肿瘤全细胞疫苗进入临床试验后效果并不理想，需要寻找新的制备方法。Toll样受体(TLRs)是特异与非特异免疫反应的桥梁，CpG ODN(DNA)是TLR9 的配体和常用的免疫佐剂。免疫吞噬细胞通过一种以DNA为主要成分的胞外诱捕网(ETs)结构，将病原体或细胞包裹从而将包裹物清除并诱导免疫反应。研究还发现封闭肿瘤细胞CD47分子可以促使免疫细胞通过阻断SIRPα通路吞噬肿瘤细胞并诱导免疫反应。因此，本项目利用自主技术将CpG ODN粘附于肿瘤细胞表面(ETs化，同时封闭CD47)。在体外研究这种ETs化肿瘤细胞的理化特征和功能活性后将其用作全细胞疫苗，在肿瘤模型小鼠中了解其治疗肿瘤的效果和副作用，同时了解这种ETs化肿瘤细胞疫苗是否通过TLR9和CD47/SIRPα通路诱导特异的抗肿瘤免疫反应和肿瘤免疫原性死亡，是否改变免疫微环境等分子机理，为ETs化肿瘤细胞疫苗的转化应用提供理论依据。

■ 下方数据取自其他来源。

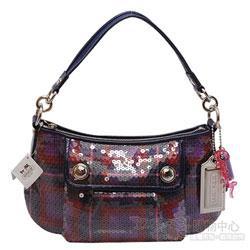 COACH POPPY系列 雙釦裝飾亮片紫格紋二用手提/斜背包 |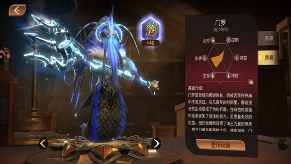 门罗是曾经的娜迦族长,后被囚禁在神庙中不见天日。在几百年的时间里,娜迦漫长的生命变成了他的折磨,在可怕的孤独中逐渐丧失了说话的能力,忍受着无尽的饥饿,但却也偶然获得了海王力量的传承。

利用肿瘤整个细胞加上基因重组修饰进而增强免疫功能是肿瘤疫苗一种新的策略，目前一种利用重组表达GM-CSF的全肿瘤疫苗已经进入临床试验，但总体效果欠佳，因此全肿瘤细胞疫苗应用仍然需要创新现有的制备模式。肿瘤细胞经过不断的基因突变选择，利用多种策略逃避免疫监视和清除，其中重要的一种策略就是不表达免疫识别所需要的分子模式，细菌则普遍存能被免疫识别的病原相关分子模式（PAMPs），因而能有效诱导免疫反应。Toll样受体(TLRs)是PAMP受体，是特异与非特异免疫反应的桥梁，CpG ODN(DNA)是TLR9 的配体和常用的免疫佐剂。另外，目前研究发现免疫吞噬细胞通过一种以DNA和瓜氨酸化组蛋白为主要成分的胞外诱捕网(ETs)结构，该结构能将病原体或细胞包裹从而将其清除并诱导免疫反应。研究还发现封闭肿瘤细胞免疫检查点分子CD47可以促使免疫细胞通过阻断SIRPα通路从而吞噬肿瘤细胞并诱导特异免疫反应。因此，本项目将CpG ODN和瓜氨酸化组蛋白粘附于肿瘤细胞表面（我们称ETs化，同时也可以封闭CD47)，我们将这种修饰的全肿瘤细胞作为疫苗并将其称为NET疫苗。本项目研究发现，NET疫苗可以明显促进DC成熟和交叉递呈肿瘤抗原，在多个小鼠肿瘤模型中有理想的治疗和抑制肿瘤转移的作用，并且没有明显的副作用。在本研究中，我们还改良了一种新的体内测定细胞免疫反应的技术同时结合传统技术检测肿瘤特异免疫功能，发现我们制备的NET疫苗能够诱导特异的细胞和体液免疫反应，这种NET全肿瘤细胞疫苗不但能够有效逆转肿瘤免疫抵制的内环境，还可以诱导包括铁死亡在内的多种细胞死亡。进一步的机理研究表明疫苗免疫后诱导产生的CD8阳性T淋巴分泌的细胞因子特别是INFγ是诱导肿瘤细胞特异性铁死亡的主要分子和机制，同时证明这种铁死亡和其能够逆转免疫抑制环境有关。项目研究不但创新性地提出了一种制备肿瘤细胞疫苗的新技术（同时在申请中国和美国技术专利），而且发现了疫苗（免疫治疗）逆转肿瘤免疫抑制微环境的一种新的分子机制，为这种细菌化肿瘤细胞疫苗的转化应用提供了理论依据。